Алина промолчала, пристально разглядывая узоры на обоях. Женька тряхнула головой и хотела было что-то добавить, но тут ее раскрытая сумочка требовательно исполнила вступление к «Вальсу цветов» Чайковского, и она кинулась к ней и достала телефон.

— Да? Нет, все в порядке. Да, немного. Не сегодня. Хорошо. Давай.

Она нажала на «отбой» и повернулась к Алине, уткнувшейся подбородком в переплетенные пальцы.

— Это Тамилка. За тебя переживает.

— Тамилка переживает не за меня, а за то, чтобы ее выходные не накрылись медным тазом!

— Зря ты так, — Женька покачала головой. — Она действительно беспокоилась. Язык у нее, конечно, змеиный, но она вовсе не такая уж плохая.

— Любишь ты, Женька, из всех ангелов делать!

Женька улыбнулась, хотя Алина не могла видеть ее улыбки.

— Почему ангелов? Людей.

Алина пожала плечами и потянулась за новой сигаретой.

— Ладно. Твои слова будут рассмотрены… позже. А сейчас иди. Тебе ведь на работу надо.

— И пойду. Только слегка уберу у тебя и проветрю, а то сидишь в каком-то свинарнике! И кошку бедную совсем забросила. Хоть бы консервный нож ей оставила.

— Не нужно у меня ничего убирать! — почти зло произнесла Алина и выронила сигарету из дрожащих пальцев. — И вообще…

— И вообще твое разрешение мне не требуется! — отрезала Женька. — Я старше тебя, ясно! Так что сиди и молчи! Ты, кстати, можешь дальше пить, если хочешь. Я не собираюсь у тебя бутылки отбирать. Ты их скоро сама выкинешь… если ты действительно такая, какой я тебя считаю.

— Не такая… — хрипло сказала Алина, глядя на обои. Женька, ничего не ответив, вышла из комнаты, и вскоре из кухни долетел шум воды и уютный звон посуды. В комнату с грохотом влетела Стаси, вспрыгнула хозяйке на колени и укоризненно посмотрела на нее оранжевыми глазами. Алина перевела на нее затуманенный взгляд, потом вдруг сгребла мяукнувшую кошку в охапку и уткнулась лицом в ее пушистую спину.

Стаси не возражала.

* * *

Женька давно ушла, а она так и сидела за столом, пристально глядя на узор обоев, словно в нем был скрыт некий тайный смысл, разгадать который было жизненной необходимостью. Большие настенные часы с маятником отбили один час, другой, но Алина не двигалась — жила только ее рука, изредка поднося к губам очередную дымящуюся сигарету.
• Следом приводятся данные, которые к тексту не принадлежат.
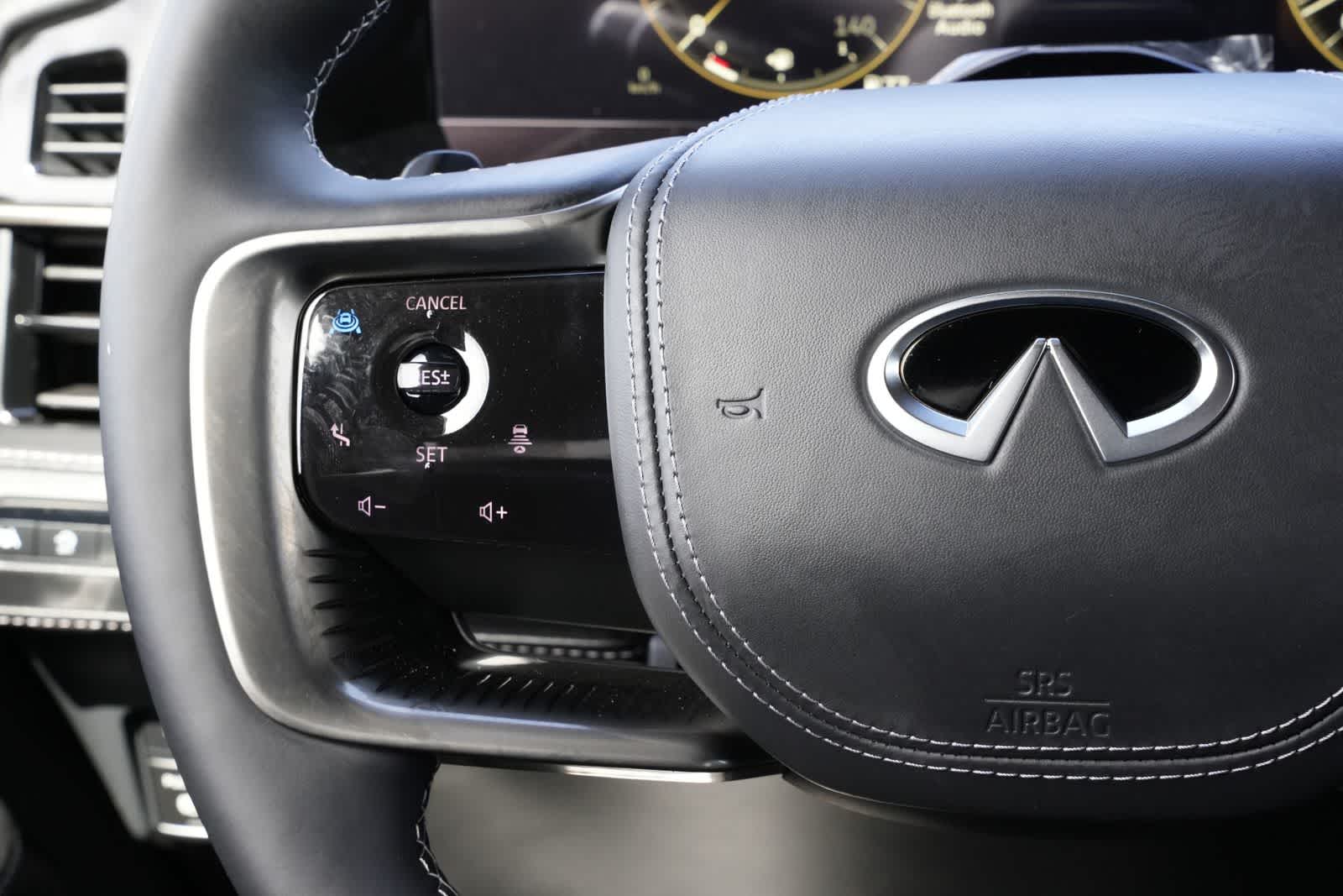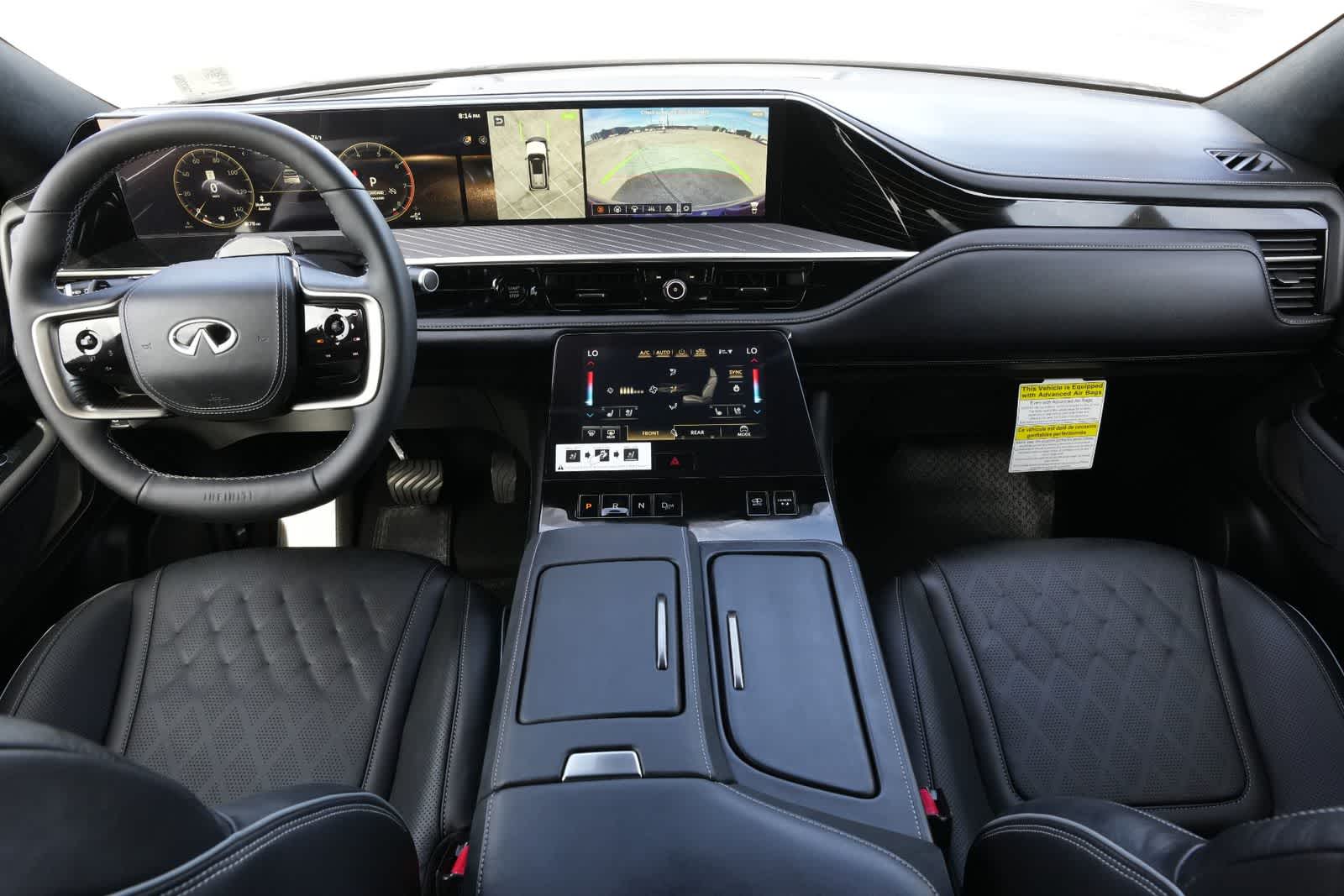 Radiant White 2026 INFINITI QX80 AUTOGRAPH 4WD 9-Speed Automatic 3.5L V6 DOHC 24V 3rd row seats: bench, 4-Wheel Disc Brakes, ABS brakes, Adaptive suspension, Air Conditioning, Alloy wheels, AM/FM radio: SiriusXM with 360L, Anti-whiplash front head restraints, Apple CarPlay/Android Auto, Audio memory, Auto High-beam Headlights, Auto tilt-away steering wheel, Auto-dimming door mirrors, Auto-dimming Rear-View mirror, Auto-leveling suspension, Automatic temperature control, Brake assist, Bumpers: body-color, Compass, Delay-off headlights, Driver door bin, Driver vanity mirror, Dual front impact airbags, Dual front side impact airbags, Electronic Stability Control, Emergency communication system: INFINITI InTouch, Four wheel independent suspension, Front anti-roll bar, Front Bucket Seats, Front Center Armrest, Front dual zone A/C, Front reading lights, Fully automatic headlights, Garage door transmitter: myQ Connected Garage, Genuine wood dashboard insert, Genuine wood door panel insert, Heads-Up Display, Heated and Climate Controlled Front Bucket Seats with Massage, Heated door mirrors, Heated front seats, Heated rear seats, Heated steering wheel, HVAC memory, Illuminated entry, Knee airbag, Leather steering wheel, Low tire pressure warning, Memory seat, Navigation system: Google Built-in, Occupant sensing airbag, Outside temperature display, Overhead airbag, Overhead console, Panic alarm, Passenger door bin, Passenger vanity mirror, Power door mirrors, Power driver seat, Power Liftgate, Power moonroof, Power passenger seat, Power steering, Power windows, Radio data system, Radio: Klipsch Premiere Audio System, Rain sensing wipers, Rear air conditioning, Rear anti-roll bar, Rear reading lights, Rear seat center armrest, Rear window defroster, Rear window wiper, Reclining 3rd row seat, Remote keyless entry, Security system, Semi-Aniline Premium Leather Seating Surfaces, Speed control, Speed-sensing steering, Split folding rear seat, Spoiler, Steering wheel memory, Steering wheel mounted audio controls, Tachometer, Telescoping steering wheel, Tilt steering wheel, Traction control, Trip computer, Turn signal indicator mirrors, Variably intermittent wipers, Ventilated front seats, Ventilated rear seats, Wheels: 22 x 8.5J Cast Aluminum-Alloy.

Стаси, растянувшись на спинке кресла и свесив вниз переднюю лапу и полосатый хвост, спала сном праведника.

На исходе третьего часа Алина налила новый бокал вина, отпила треть, после чего подтянула к себе лежащие на краю стола блокнот и ручку. Посмотрела на чистый лист, глубоко вздохнула, после чего быстро написала большими шатающимися буквами:

«Тени и свет. Бесплотные голоса сплетаются в причудливом узоре. Пространство густо заткано песней без слов. Ни малейшего диссонанса. Ни единой фальшивой ноты. Ничего лишнего. Сила ветра. Гладкость льда. Нежность пуха. Гибкость пламени. Совершенство…

В прозрачном воздухе неторопливо, плавно меняется пейзаж за пейзажем. Снежновершинные горы и свежезеленые равнины. Морские волны и речные водопады. Степь на ветру. Раскаленная пустыня. Деревья и травы. Озера, сияющие на солнце. Цветы и снег. Пыль и ледяные брызги. Огненные реки и унылые безжизненные пространства. Ночь спускается и уходит, и времена года сменяют друг друга, и сменяют друг друга бесчисленные в своем разнообразии живые существа, и сменяют друг друга города, и люди в них любят и убивают друг друга, изучают и творят, разрушают и завоевывают, продают и предают, смеются и плачут, возвышаются и уходят в небытие…

Двое смотрят лениво, и их речь струится, как вода, но в этой воде нет жизни…»

Она бросила ручку и несколько минут, щуря глаза, внимательно изучала написанное. Оно было перенесено безупречно. Именно так она думала. Именно так начиналась первая страница книги там…

Алина подняла голову и взглянула на стоящий перед ней бокал, на выстроившиеся на столе пустые бутылки из-под вина и еще одну, наполовину полную, зло скривилась, резко выдохнула, а потом ее руки вдруг мелькнули в воздухе, точно пытались одним рывком отдернуть невидимые тяжелый занавес. Сметенные бутылки с грохотом и дребезгом посыпались на пол, кувыркнулся бокал, расплескивая вино на палас. Напуганная Стаси скатилась с кресла и утопотала в кухню, решив переждать бурю за газовой плитой.

Алина несколько минут, тяжело дыша, смотрела на валяющиеся на полу бутылки, улыбаясь кривой, классически злодейской улыбкой, потом закинув голову, засмеялась. Смех был сухим, ломким, ничего не выражающим.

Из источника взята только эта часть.